◆ Work task ◆
Look below for the line containing "일반용:오븐용,렌지후드용,욕실용,변기용,카페트용,세탁조용 / 분말형 |". Write out that line and the rest through the last one, exactly as they appear, but without pictures.

Records from a data collection:
########
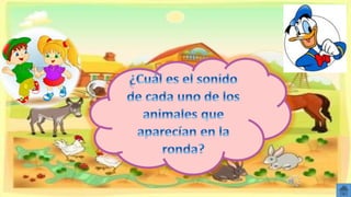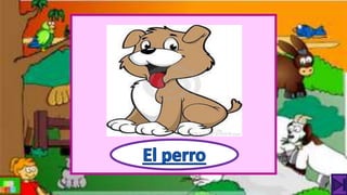 El documento describe los principales animales domésticos, incluyendo perros, gatos, caballos, vacas, cerdos, gallinas, ovejas y patos. Explica los usos y productos que cada animal proporciona a los humanos, como compañía, trabajo, carne, leche, lana y huevos.
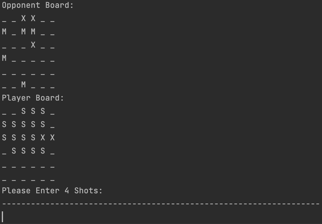 A modified version of the clasic Battleship game, which operates on the command line interface. Users can choose between playing single player, or have the computer player to play another computer remotely over a network connection.
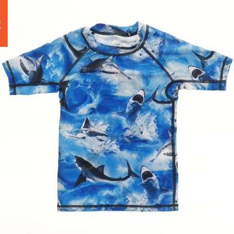 Langærmet UV-bluse med en farverig undervandsprint af hajer, fisk og havskildpadder. Blusen har gul kantning langs sømmene og er designet til at beskytte mod solens stråler.
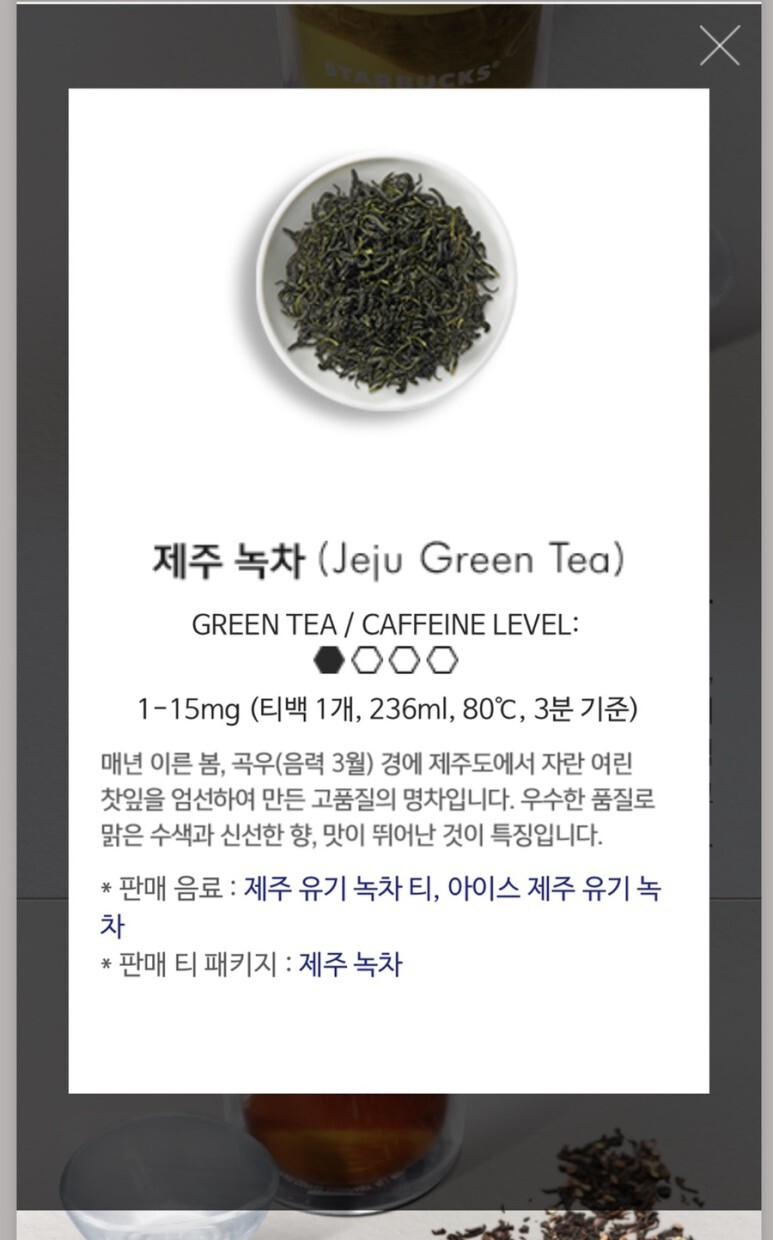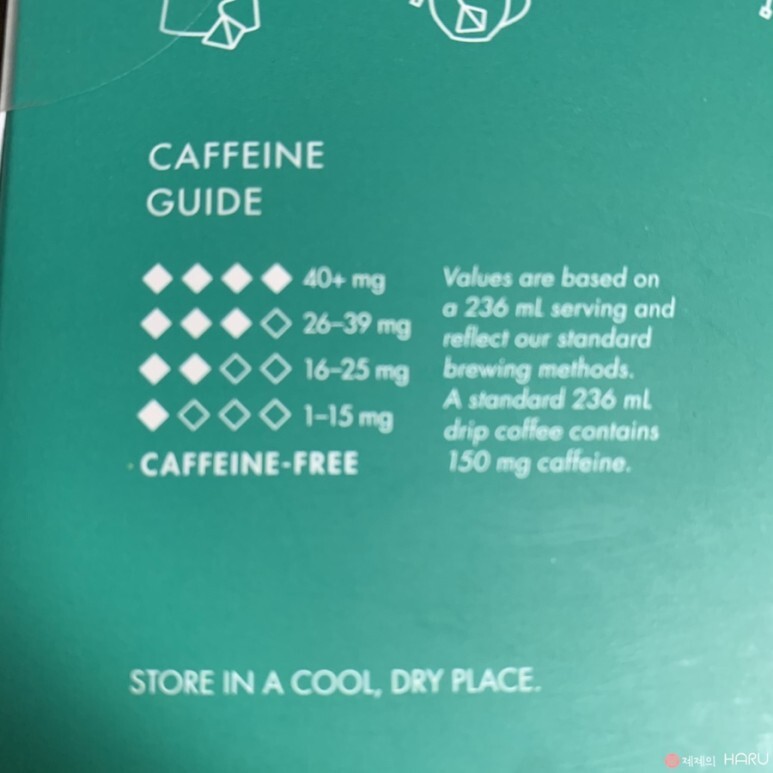 스타벅스 제주 녹차 상자에 카페인 레벨이 적혀있다녹차는 1단계 1-15mg 사이면 거의 없는거겠죠?
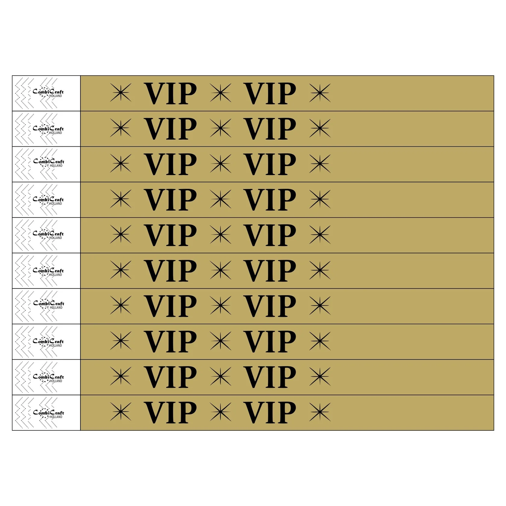 De Tyvek goudkleurige polsbandjes zijn zwart bedrukt de tekst VIP en sterren. Ze hebben afmetingen van 248 x 19 mm en zijn voorzien van een nummering en een sterke plakstrook met veiligheidsbevestiging. Zowel kinderen als volwassenen kunnen deze polsbandjes dragen. De polsbandjes worden geleverd op vellen, waarbij je de bandjes gemakkelijk van elkaar afscheurt. Je ontvangt 10 vellen met op elk vel 10 bandjes. In totaal ontvang 100 polsbandjes. Daarnaast is het mogelijk om de bandjes te beschrijven met een balpen of een watervaste stift.
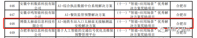 2021年12月7日,安徽省经济和信息化厅对2021年制造强省建设、中国声谷、中小企业(民营经济)和工业互联网发展政策资金拟支持项目进行了公示,博微太赫兹公司“AI+地铁车站入口太赫兹无接触测温安检解决方案”成功入选2021年中国声谷“智能+应用场景”优秀解决方案名单。
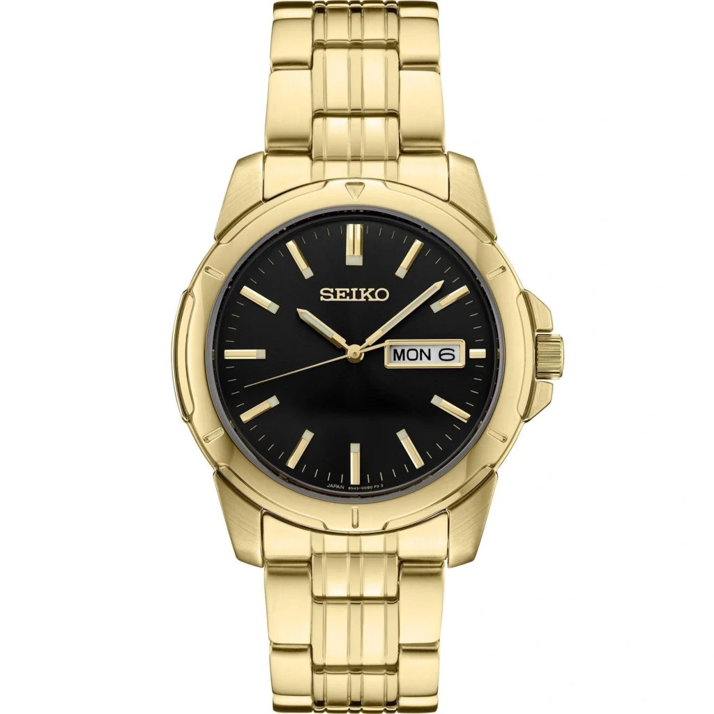 The Seiko automatic dive watch is designed to meet the highest standards of quality and craftsmanship. Its luxurious goldtone bracelet and elegant black dial make it a versatile piece that can be worn on any occasion. Moreover, the day/date display adds a practical touch, ensuring that you stay on top of your schedule with ease.
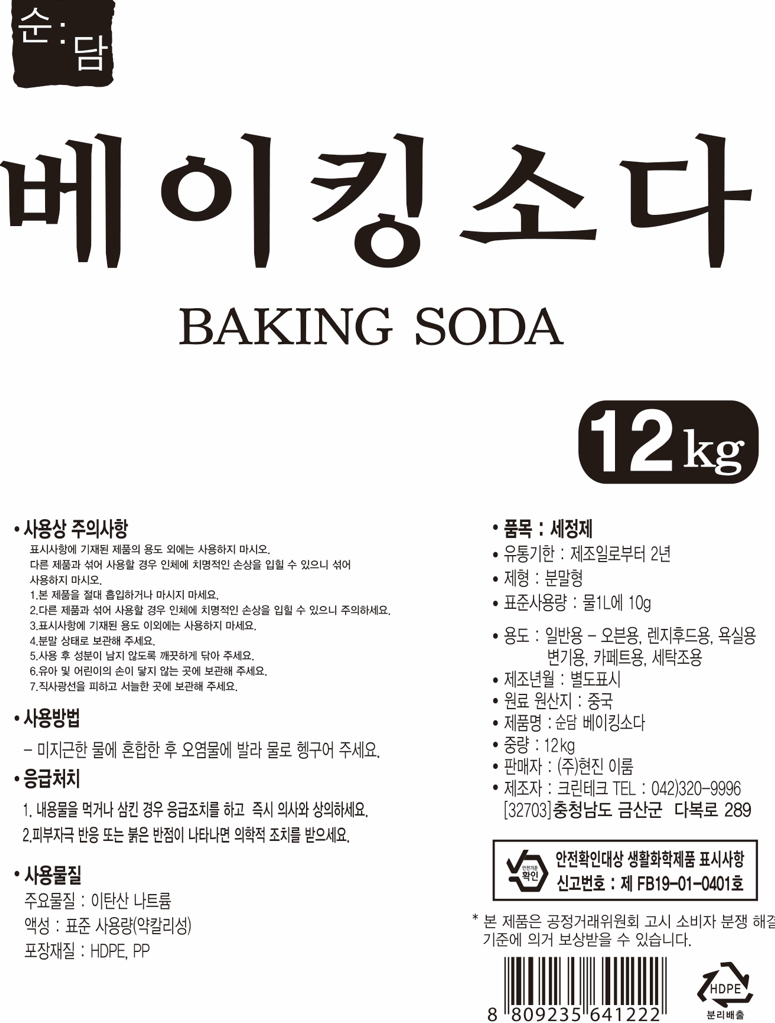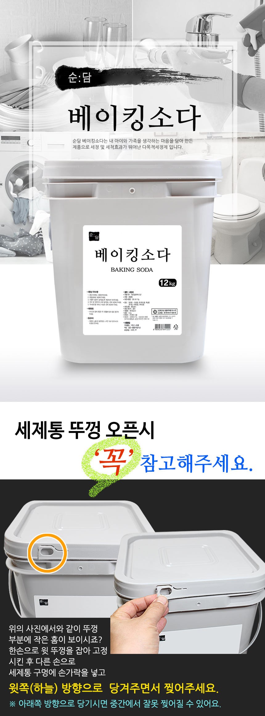 | 품목 및 제품명 | 세정제 / 순담 베이킹소다 | 용도(표백제의 경우 계열을 함께표시) 및 제형 | 일반용:오븐용,렌지후드용,욕실용,변기용,카페트용,세탁조용 / 분말형 |
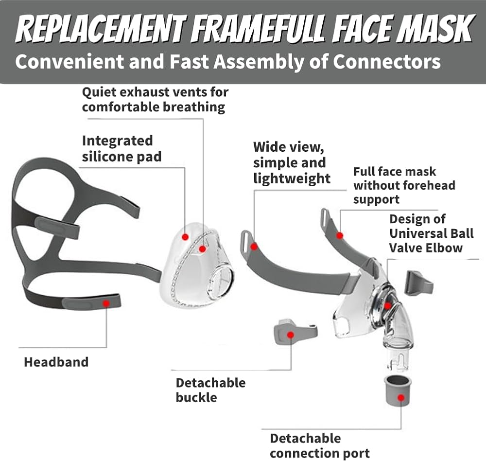 【قناع CPAP لكامل الوجه】التنفس عن طريق الفم أو التنفس المختلط يمكن أن يجعل أقنعة الأنف غير قابلة للاستخدام. يغطي قناع CPAP لكامل الوجه الأنف والفم، ويحافظ على إحكام موثوق به عند أي ضغط لتدفق الهواء، ويناسب جميع ملامح الوجه بشكل مريح ويحسن الجودة الإجمالية للعلاج.
########
◆ Task solution ◆
 | 품목 및 제품명 | 세정제 / 순담 베이킹소다 | 용도(표백제의 경우 계열을 함께표시) 및 제형 | 일반용:오븐용,렌지후드용,욕실용,변기용,카페트용,세탁조용 / 분말형 |
 【قناع CPAP لكامل الوجه】التنفس عن طريق الفم أو التنفس المختلط يمكن أن يجعل أقنعة الأنف غير قابلة للاستخدام. يغطي قناع CPAP لكامل الوجه الأنف والفم، ويحافظ على إحكام موثوق به عند أي ضغط لتدفق الهواء، ويناسب جميع ملامح الوجه بشكل مريح ويحسن الجودة الإجمالية للعلاج.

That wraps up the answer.